Turning to the study door, she imagined herself twisting the glass knob to reveal Isaac on the other side, hunched in a chair, looking up with a patient smile. For a second, she even thought she could hear his rhythmic murmuring coming from within, the sound of a mathematician thinking out loud. A murmur of mathematicians.
She continued down the hall to her old bedroom, where she was considering staying the next night or two. She had thrown her luggage in her brother’s car just in case. Besides, with the house likely going on the market, this could be her last chance to stay in her old room. Whatever dangers Isaac imagined the house posed, he needn’t have warned her about not staying past October: she planned to be back in Seattle well before Halloween.

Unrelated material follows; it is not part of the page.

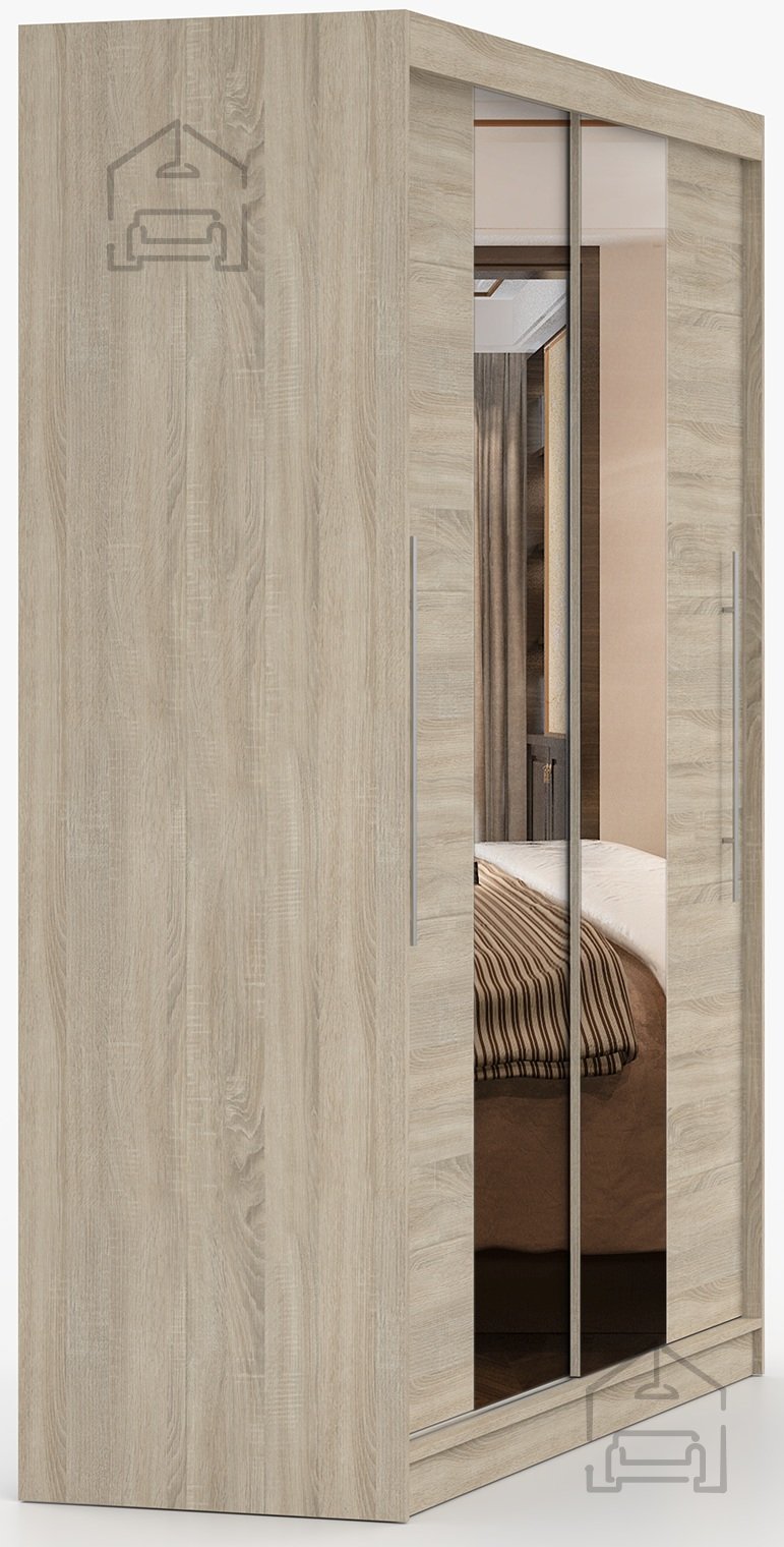 Barva sonoma hrast je med najbolj priljubljenimi v sodobnem pohištvenem oblikovanju, saj združuje toplino naravnega lesa z nevtralnostjo, ki omogoča enostavno kombiniranje z drugimi materiali, kot so bela lakirana površina, siva tekstura betona ali črna kovina. Omara Torino se zato lepo ujema tako z minimalističnimi kot s klasično urejenimi interierji. Ogledalo na vratih ni le praktičen dodatek, temveč tudi estetski element, ki doda pridih prefinjenosti in vizualno razširi prostor.

The bedroom hadn’t changed much over the years. It still contained her adolescent belongings: stuffed animals, ceramic figurines, a bookshelf filled with childhood reading. At another time, these keepsakes might have brought her comfort, but as her eyes scanned the books’ spines—Madeleine L’Engle, Ellen Raskin, C. S. Lewis, E. L. Konigsburg—Hazel felt bewildered and alone. Had this house ever really felt like home? Or had it always been just another way station in a transient childhood? She and her brother had loved Isaac and Lily deeply, but had never entirely rid themselves of the feeling that they were long-term charity cases, forever crashing on the couch of an intimidatingly distinguished family. For a time, at least, she had successfully smothered this feeling of inexpressible exile.